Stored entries
-------

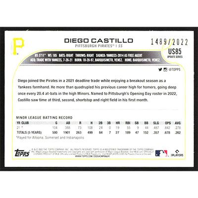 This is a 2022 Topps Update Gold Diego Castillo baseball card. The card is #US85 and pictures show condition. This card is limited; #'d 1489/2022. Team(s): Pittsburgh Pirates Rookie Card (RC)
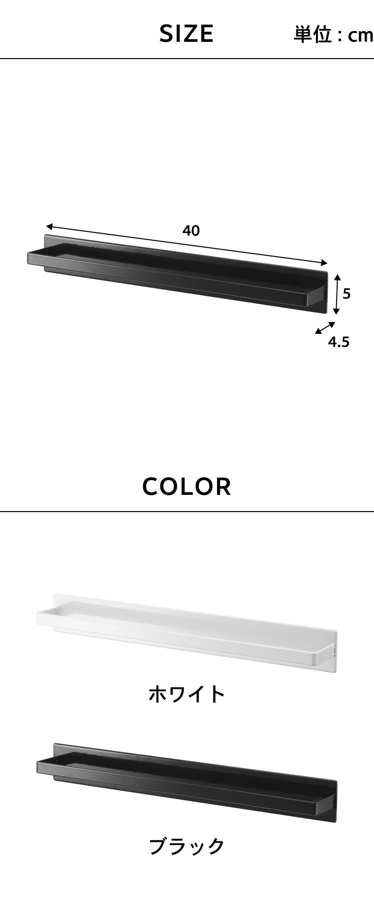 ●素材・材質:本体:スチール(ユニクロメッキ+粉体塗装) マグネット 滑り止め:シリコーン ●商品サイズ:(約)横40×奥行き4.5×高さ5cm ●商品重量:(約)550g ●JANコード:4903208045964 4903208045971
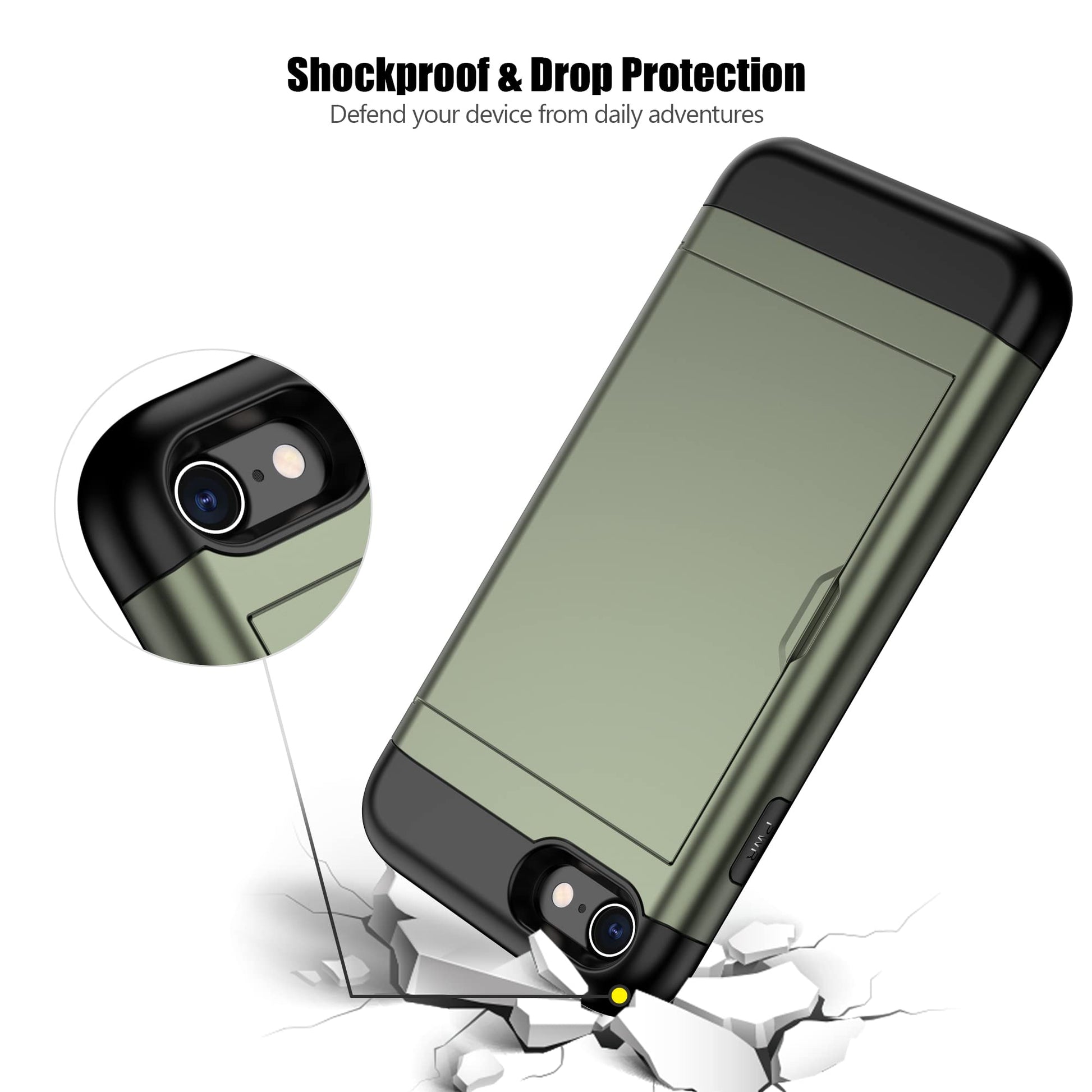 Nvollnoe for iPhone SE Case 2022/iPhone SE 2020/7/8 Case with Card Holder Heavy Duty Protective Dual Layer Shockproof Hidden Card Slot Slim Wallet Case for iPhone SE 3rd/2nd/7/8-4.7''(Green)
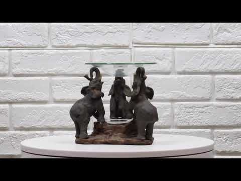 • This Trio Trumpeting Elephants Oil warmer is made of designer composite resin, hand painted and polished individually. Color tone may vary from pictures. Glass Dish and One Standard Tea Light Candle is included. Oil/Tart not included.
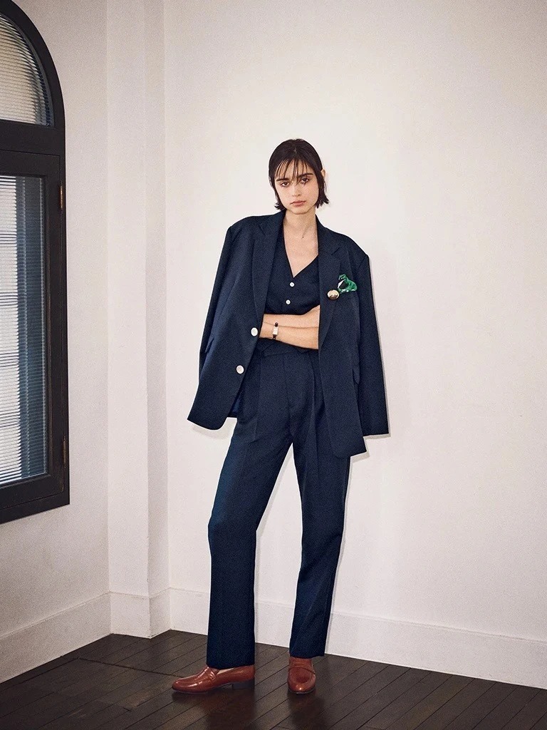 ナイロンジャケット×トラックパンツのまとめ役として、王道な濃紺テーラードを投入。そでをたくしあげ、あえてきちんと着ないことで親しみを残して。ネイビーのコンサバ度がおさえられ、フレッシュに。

-------

Task instructions
Only the lines from where the data begins to the line with "マグネット 滑り止め:シリコーン ●商品サイズ:(約)横40×奥行き4.5×高さ5cm", both of them included, should be reproduced word for word; no pictures.

Result
 This is a 2022 Topps Update Gold Diego Castillo baseball card. The card is #US85 and pictures show condition. This card is limited; #'d 1489/2022. Team(s): Pittsburgh Pirates Rookie Card (RC)
 ●素材・材質:本体:スチール(ユニクロメッキ+粉体塗装) マグネット 滑り止め:シリコーン ●商品サイズ:(約)横40×奥行き4.5×高さ5cm ●商品重量:(約)550g ●JANコード:4903208045964 4903208045971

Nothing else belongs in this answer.